Figures obtained by the BBC, and collected by Glenigan, show the amount of construction taking place on green belt land across England has increased significantly.

According to the data, in 2009-10 planning permission was granted for 2,258 homes. In 2014-15 the figure increased to 11,977. The number of approvals doubled in the last year alone.

Greenbelt land was created in a bid to prevent urban sprawl and to stop neighbouring towns from merging into one another. Across England there are 14 green belts, spanning 13 per cent of the total land.

Under the current policy, green belt land is only to be built on in “exceptional circumstances”. However, the current shortage of homes has pushed many local authorities to turn green belt sites over to developers.

The Campaign to Protect Rural England (CPRE) said Hertfordshire, one of the areas feeling significant pressure for new homes, has already seen 34,000 homes proposed on green belt sites. An additional 10,000 waiting in the wings.

Hertfordshire CPRE’s Kevin Fitzgerald said: “We are getting continual statements by government ministers, correspondence from government departments to various bodies like to us saying it is their determination to protect the green belt and the wider countryside.

“But, nevertheless, throughout our county, our planning authorities are coming out with these proposals for quite major development.”

Housing and Planning Minister Brandon Lewis said local authorities have the responsibility to decide how to use green belt land. He said: “Greenbelt is something that has been there to give a strategic protection to those green lungs.

“We have outlined what local areas need to do if they want to go through a review of their green belt.

“It is very much a matter of those local authorities. They are the best placed people locally, democratically accountable locally, to decide where is the right location for any development.”

Professor Paul Cheshire from the London School of Economics said the green belt was misunderstood.

“You only need a tiny amount of the least environmentally-attractive green belt to solve the housing land shortage for generations to come, whereas Areas of Outstanding Natural Beauty and National Parks do provide huge benefit.”

A survey of Local Planning Authorities by Natural England found 37 per cent had housing allocations in or around Areas of Outstanding Natural Beauty (AONB). This totals 30,000 homes within the boundaries and another 20,000 just outside.

The data revealed North Wessex Downs AONB currently has proposals for 1,400 homes around the growing science and innovation campus at Harwell.
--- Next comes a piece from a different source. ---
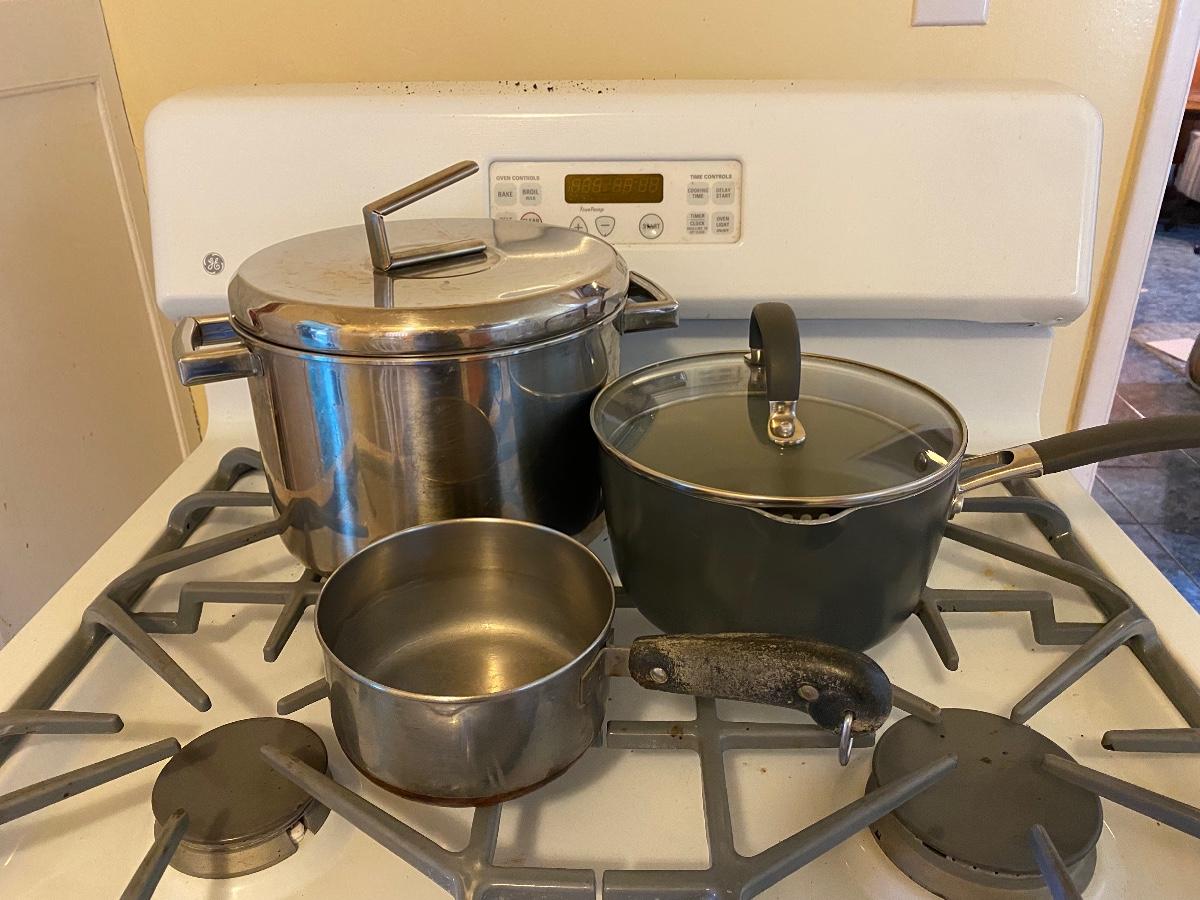 Pots & Pans Lot. The small pan does not have a lid. All in good used condition.

Henry Oliver, director of the North Wessex AONB, said: “This has been here for thousands of years. The idea that it’s worth trading all this wonderful landscape off against a relatively short-term economic boost is not one that I find acceptable.”

Leader of the Vale of White Horse District Council Matthew Barber said the authority had to plan to meet the demand for new homes.

He said: “We have a high housing target that we need to meet, and we have judged in this case that includes this site, in the AONB next to a major employment site.

“The alternatives to that, we fear, would be unsustainable additions to other communities elsewhere in the district.”

Hugh Ellis, head of policy at the Town and Country Planning Association, said the problem was the planning system.

“I think overall planning can be best described as being very broken. I don’t think there has ever been a point in the post-war era where planning has been as demoralised, as underfunded and lacking in strategic direction as it is now.”

However, Lewis disagreed. He said: “I think we’ve got a system now that trusts local people to make those decisions, and the National Planning Policy Framework is actually very clear.

“Great weight should be given to conserving landscapes and Areas of Outstanding Natural Beauty.

“Planning permission should be refused for major developments in these except in exceptional circumstances and where it can be demonstrated that it is in the public interest.”